A team of researcher has identified a method for treating particularly aggressive forms of breast cancer that could potentially save thousands of lives each year.
According to results from a SWOG clinical trial, those with tough-to-treat triple negative breast cancer, whose tumors also don't allow for double-strand DNA repair, fare better when treated with a common adjuvant breast cancer chemotherapy combination.
The trial results showed that a well-established drug combination - adjuvant doxorubicin and cyclophosphamide (AC) chemotherapy - works well in this patient population.
The results also showed the value of collecting and preserving cancer tumor tissue. University of Kansas Cancer Center's Priyanka Sharma and her team used nearly 20-year-old tumour samples stored in SWOG's biospecimen bank to conduct their analysis.

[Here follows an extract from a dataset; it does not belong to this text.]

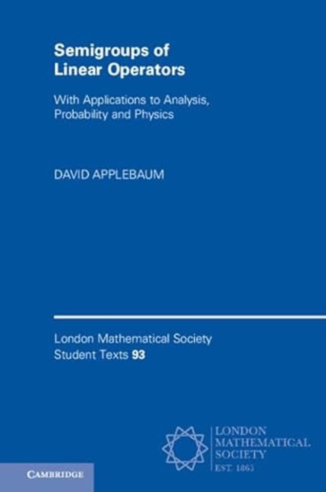 The theory of semigroups of operators is one of the most important themes in modern analysis. Not only does it have great intellectual beauty, but also wide-ranging applications. In this book the author first presents the essential elements of the theory, introducing the notions of semigroup, generator and resolvent, and establishes the key theorems of Hille–Yosida and Lumer–Phillips that give conditions for a linear operator to generate a semigroup. He then presents a mixture of applications and further developments of the theory. This includes a description of how semigroups are used to solve parabolic partial differential equations, applications to Levy and Feller–Markov processes, Koopmanism in relation to dynamical systems, quantum dynamical semigroups, and applications to generalisations of the Riemann–Liouville fractional integral. Along the way the reader encounters several important ideas in modern analysis including Sobolev spaces, pseudo-differential operators and the Nash inequality.

"We learned three interesting things from this trial," Sharma said. "First, we showed that assays tested in our study worked well in very old tissue samples. We also learned that 25 percent of triple negative breast cancer patients harbored BRCA 1 or BRCA2 mutations and tumors in these patients were HRD positive."
"However, presence of HRD was not restricted to just patients with BRCA mutations, as among patients without BRCA mutations, 55 percent also demonstrated tumor HRD. Finally, and most importantly, we learned that 67 percent of triple negative breast cancer patients - a solid majority - respond well to a standard, backbone chemotherapy combination. So, while, AC chemo is an old treatment, for many, it's still a good one. HRD status is a biomarker that, when identified, can potentially help a physician best tailor a chemotherapy treatment for that particular triple negative breast cancer patient."
The study is published in Annals of Oncology.